● **How to complete this task**:
The material below is to be copied exactly from the line with "Fiesta! nodigt mensen" up to and including the line with "欧洲央行表示,绝不能让通胀预", with nothing else kept and no pictures.

● **Records for processing**:
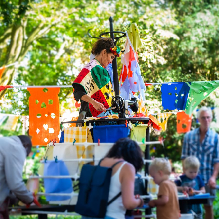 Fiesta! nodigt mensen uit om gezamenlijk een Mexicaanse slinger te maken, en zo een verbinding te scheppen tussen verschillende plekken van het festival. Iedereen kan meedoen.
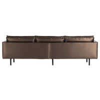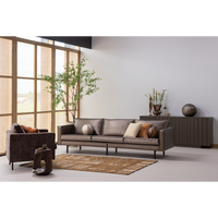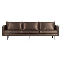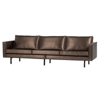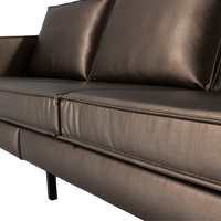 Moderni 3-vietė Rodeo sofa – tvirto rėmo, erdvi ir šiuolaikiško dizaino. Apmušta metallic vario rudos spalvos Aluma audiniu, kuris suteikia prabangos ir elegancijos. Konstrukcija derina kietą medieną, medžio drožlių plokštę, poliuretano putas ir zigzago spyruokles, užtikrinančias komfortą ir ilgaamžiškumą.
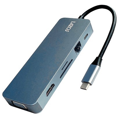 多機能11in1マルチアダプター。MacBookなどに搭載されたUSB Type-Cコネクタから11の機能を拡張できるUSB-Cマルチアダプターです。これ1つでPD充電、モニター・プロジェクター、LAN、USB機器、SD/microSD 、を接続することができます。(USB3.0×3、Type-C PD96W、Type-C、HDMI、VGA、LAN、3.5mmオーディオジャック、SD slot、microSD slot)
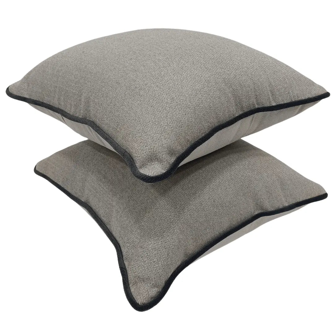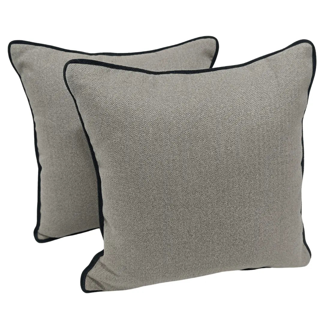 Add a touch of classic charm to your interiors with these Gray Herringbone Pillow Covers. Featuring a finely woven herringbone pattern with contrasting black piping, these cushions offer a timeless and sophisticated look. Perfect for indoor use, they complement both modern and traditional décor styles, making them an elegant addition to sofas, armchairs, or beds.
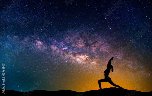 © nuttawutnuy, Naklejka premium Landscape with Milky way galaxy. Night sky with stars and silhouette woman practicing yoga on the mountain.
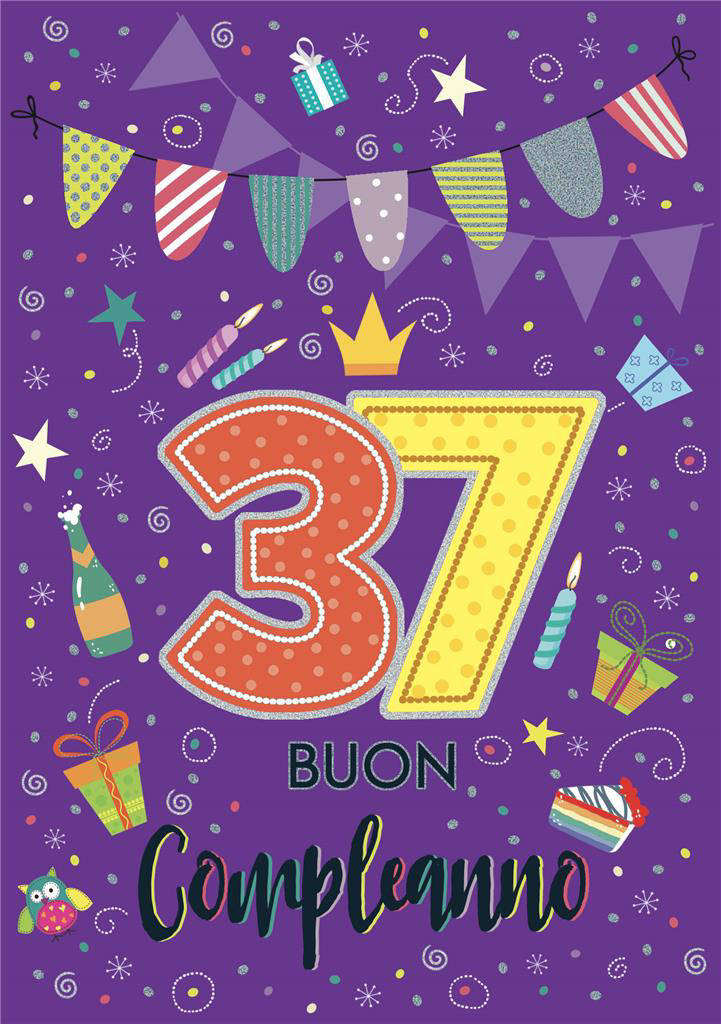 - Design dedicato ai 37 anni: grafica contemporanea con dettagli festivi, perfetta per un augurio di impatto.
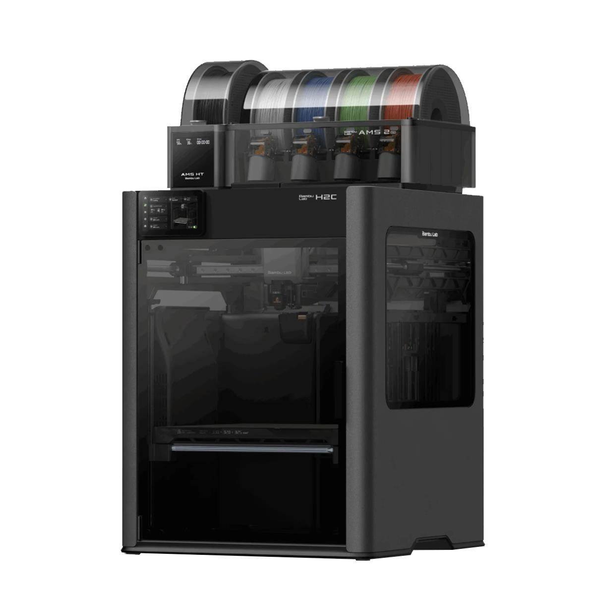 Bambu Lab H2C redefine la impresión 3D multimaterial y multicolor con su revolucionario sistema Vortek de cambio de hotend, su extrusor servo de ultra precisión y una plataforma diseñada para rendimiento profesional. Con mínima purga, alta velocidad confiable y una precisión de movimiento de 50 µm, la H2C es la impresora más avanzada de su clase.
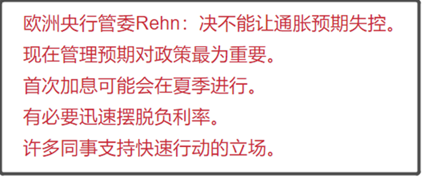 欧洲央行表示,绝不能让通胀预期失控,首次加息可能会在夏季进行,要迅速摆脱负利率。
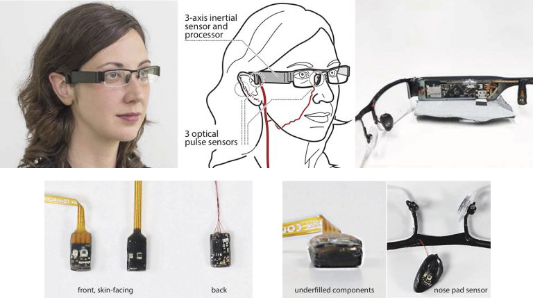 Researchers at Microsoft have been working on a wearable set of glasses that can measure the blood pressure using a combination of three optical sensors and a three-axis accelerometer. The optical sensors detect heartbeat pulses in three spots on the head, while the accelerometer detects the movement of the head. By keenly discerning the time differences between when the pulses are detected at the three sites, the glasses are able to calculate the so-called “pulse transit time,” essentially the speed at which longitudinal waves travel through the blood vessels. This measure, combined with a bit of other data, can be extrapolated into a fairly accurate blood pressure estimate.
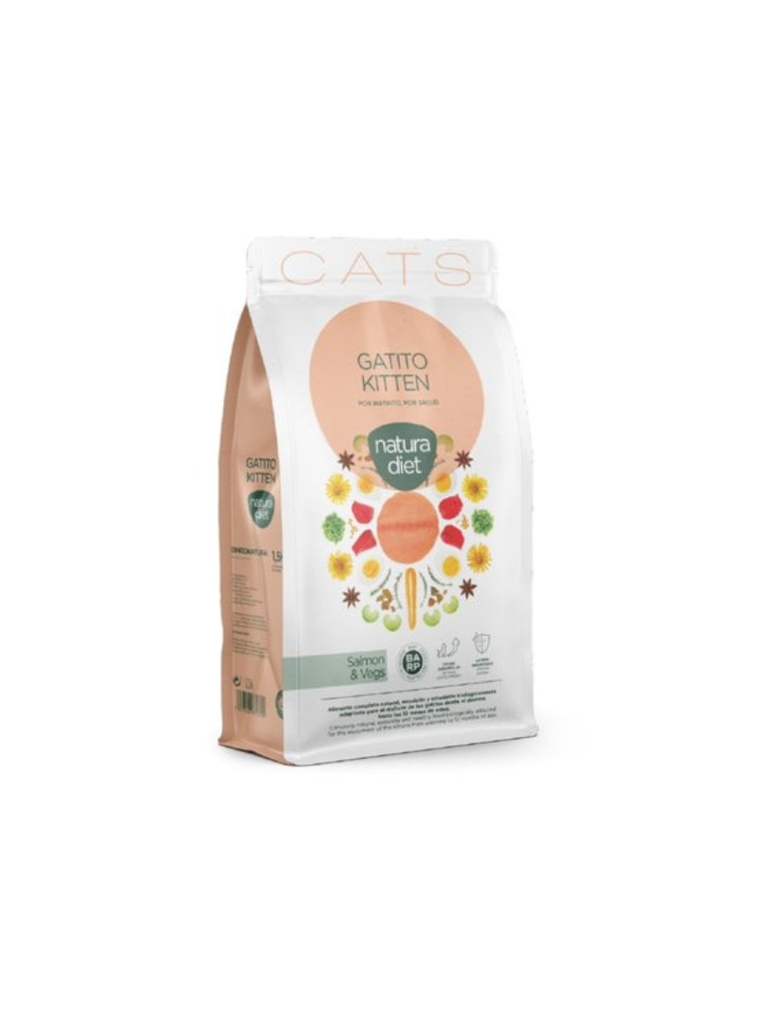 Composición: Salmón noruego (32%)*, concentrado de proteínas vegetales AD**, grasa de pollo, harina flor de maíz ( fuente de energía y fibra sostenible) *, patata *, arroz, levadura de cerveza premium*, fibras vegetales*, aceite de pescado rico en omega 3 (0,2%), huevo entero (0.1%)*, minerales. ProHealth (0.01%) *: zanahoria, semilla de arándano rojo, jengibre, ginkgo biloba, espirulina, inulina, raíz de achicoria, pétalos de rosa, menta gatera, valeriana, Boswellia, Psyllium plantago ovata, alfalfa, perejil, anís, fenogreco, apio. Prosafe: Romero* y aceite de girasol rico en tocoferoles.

---

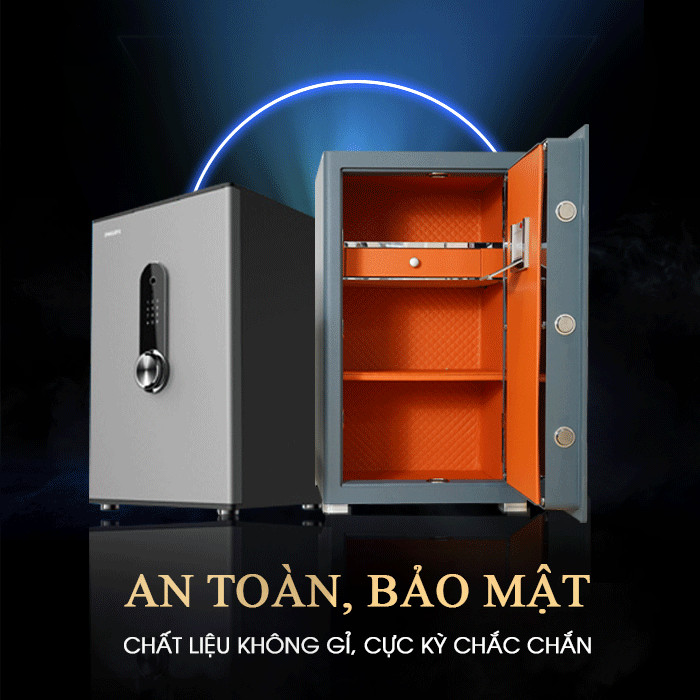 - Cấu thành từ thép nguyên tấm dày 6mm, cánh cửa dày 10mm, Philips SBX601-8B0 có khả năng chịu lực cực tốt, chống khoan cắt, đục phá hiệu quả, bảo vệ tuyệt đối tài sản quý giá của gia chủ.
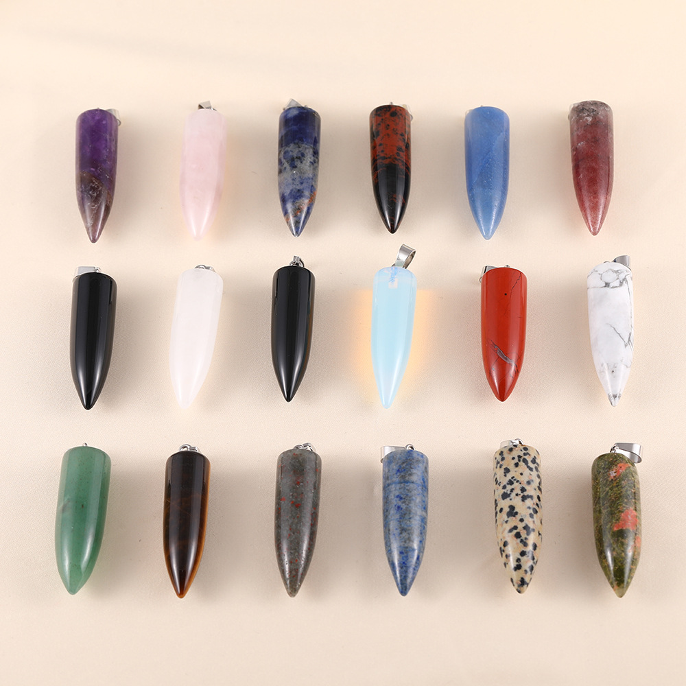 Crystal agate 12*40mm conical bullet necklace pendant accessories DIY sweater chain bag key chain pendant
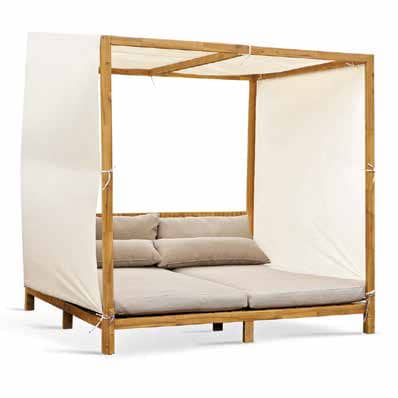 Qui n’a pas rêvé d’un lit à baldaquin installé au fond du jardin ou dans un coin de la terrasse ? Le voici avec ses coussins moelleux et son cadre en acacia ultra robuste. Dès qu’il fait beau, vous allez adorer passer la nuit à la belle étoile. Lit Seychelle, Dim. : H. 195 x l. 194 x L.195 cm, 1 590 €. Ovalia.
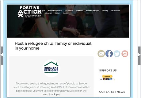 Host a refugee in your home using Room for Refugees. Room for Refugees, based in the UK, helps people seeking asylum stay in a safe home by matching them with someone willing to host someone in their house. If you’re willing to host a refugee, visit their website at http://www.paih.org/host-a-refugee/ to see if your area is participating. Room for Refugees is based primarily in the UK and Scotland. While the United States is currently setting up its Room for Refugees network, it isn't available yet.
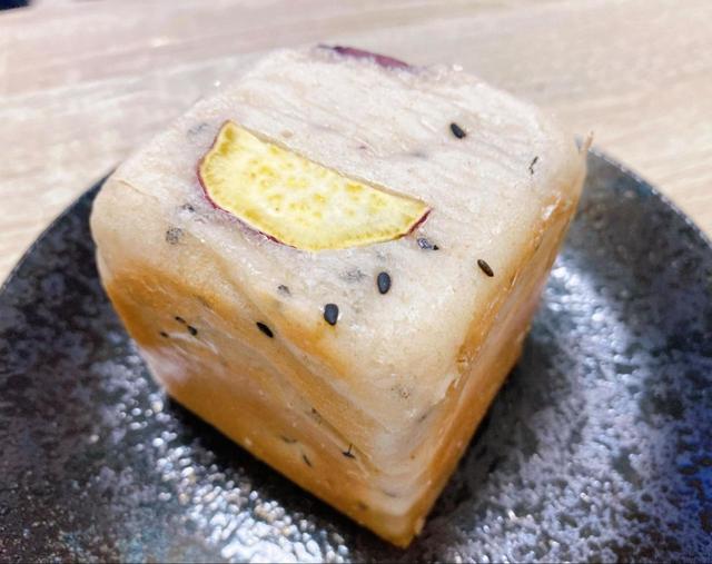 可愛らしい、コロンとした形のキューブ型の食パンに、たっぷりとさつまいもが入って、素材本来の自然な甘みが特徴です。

---

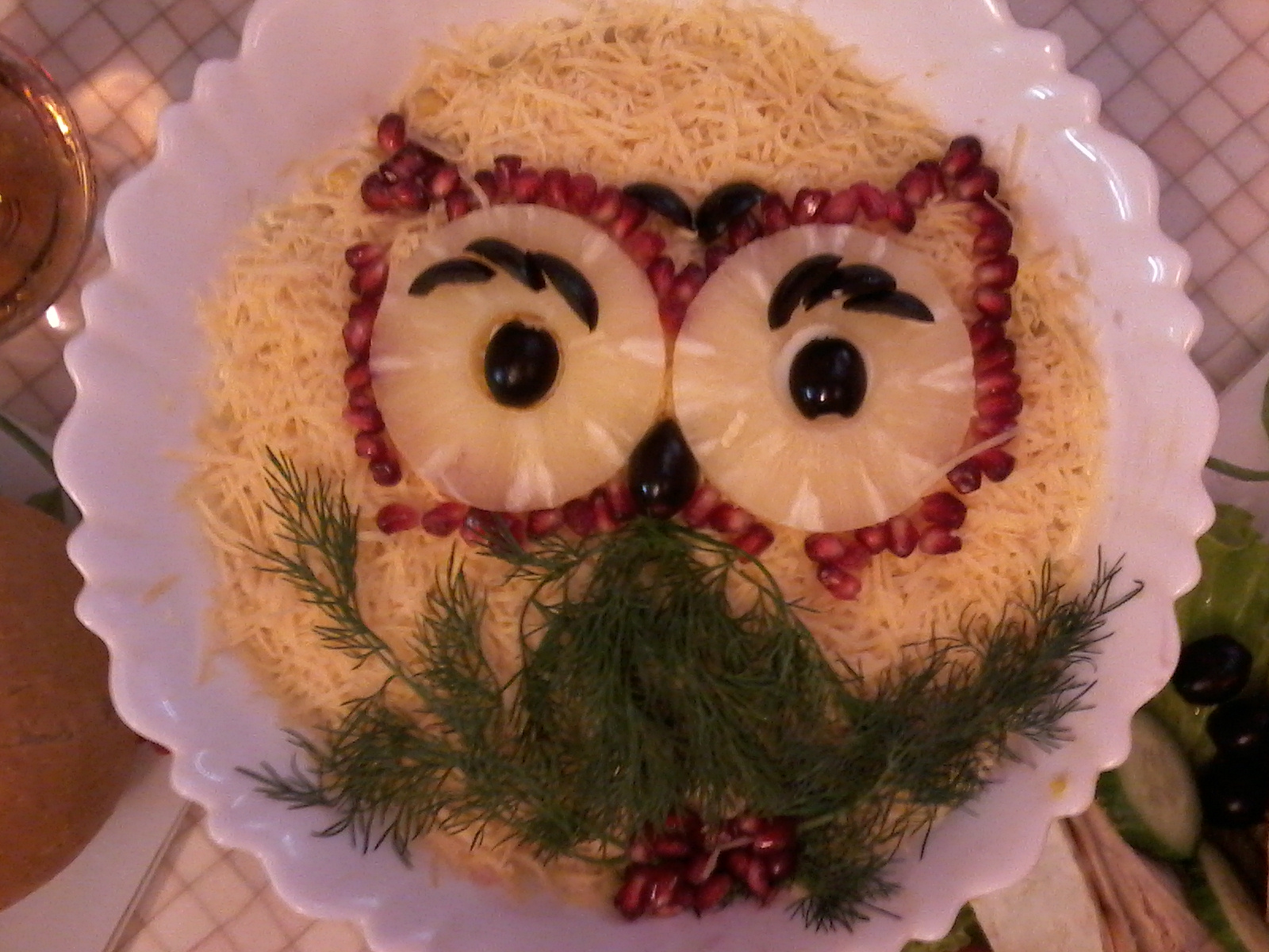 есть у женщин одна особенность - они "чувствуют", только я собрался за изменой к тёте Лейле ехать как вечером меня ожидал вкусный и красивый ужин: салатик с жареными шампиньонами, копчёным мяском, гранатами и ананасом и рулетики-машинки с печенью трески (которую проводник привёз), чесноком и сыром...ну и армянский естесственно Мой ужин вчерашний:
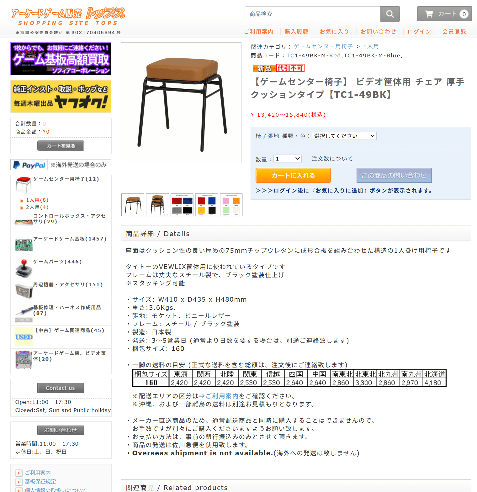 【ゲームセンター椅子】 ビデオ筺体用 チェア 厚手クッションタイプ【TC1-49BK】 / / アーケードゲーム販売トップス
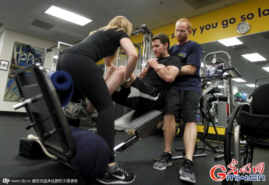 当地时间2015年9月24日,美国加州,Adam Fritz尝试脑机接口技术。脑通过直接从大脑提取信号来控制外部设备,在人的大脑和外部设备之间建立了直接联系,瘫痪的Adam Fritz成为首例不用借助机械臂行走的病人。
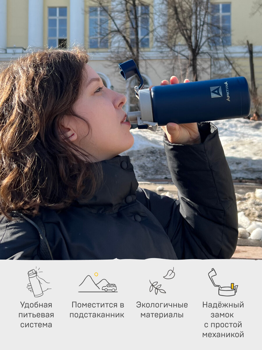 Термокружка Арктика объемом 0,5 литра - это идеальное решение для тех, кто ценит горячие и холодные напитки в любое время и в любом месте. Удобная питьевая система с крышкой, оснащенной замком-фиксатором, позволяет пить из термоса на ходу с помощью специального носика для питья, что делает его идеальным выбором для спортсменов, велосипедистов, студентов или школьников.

● **Reply to the task**:
 Fiesta! nodigt mensen uit om gezamenlijk een Mexicaanse slinger te maken, en zo een verbinding te scheppen tussen verschillende plekken van het festival. Iedereen kan meedoen.
 Moderni 3-vietė Rodeo sofa – tvirto rėmo, erdvi ir šiuolaikiško dizaino. Apmušta metallic vario rudos spalvos Aluma audiniu, kuris suteikia prabangos ir elegancijos. Konstrukcija derina kietą medieną, medžio drožlių plokštę, poliuretano putas ir zigzago spyruokles, užtikrinančias komfortą ir ilgaamžiškumą.
 多機能11in1マルチアダプター。MacBookなどに搭載されたUSB Type-Cコネクタから11の機能を拡張できるUSB-Cマルチアダプターです。これ1つでPD充電、モニター・プロジェクター、LAN、USB機器、SD/microSD 、を接続することができます。(USB3.0×3、Type-C PD96W、Type-C、HDMI、VGA、LAN、3.5mmオーディオジャック、SD slot、microSD slot)
 Add a touch of classic charm to your interiors with these Gray Herringbone Pillow Covers. Featuring a finely woven herringbone pattern with contrasting black piping, these cushions offer a timeless and sophisticated look. Perfect for indoor use, they complement both modern and traditional décor styles, making them an elegant addition to sofas, armchairs, or beds.
 © nuttawutnuy, Naklejka premium Landscape with Milky way galaxy. Night sky with stars and silhouette woman practicing yoga on the mountain.
 - Design dedicato ai 37 anni: grafica contemporanea con dettagli festivi, perfetta per un augurio di impatto.
 Bambu Lab H2C redefine la impresión 3D multimaterial y multicolor con su revolucionario sistema Vortek de cambio de hotend, su extrusor servo de ultra precisión y una plataforma diseñada para rendimiento profesional. Con mínima purga, alta velocidad confiable y una precisión de movimiento de 50 µm, la H2C es la impresora más avanzada de su clase.
 欧洲央行表示,绝不能让通胀预期失控,首次加息可能会在夏季进行,要迅速摆脱负利率。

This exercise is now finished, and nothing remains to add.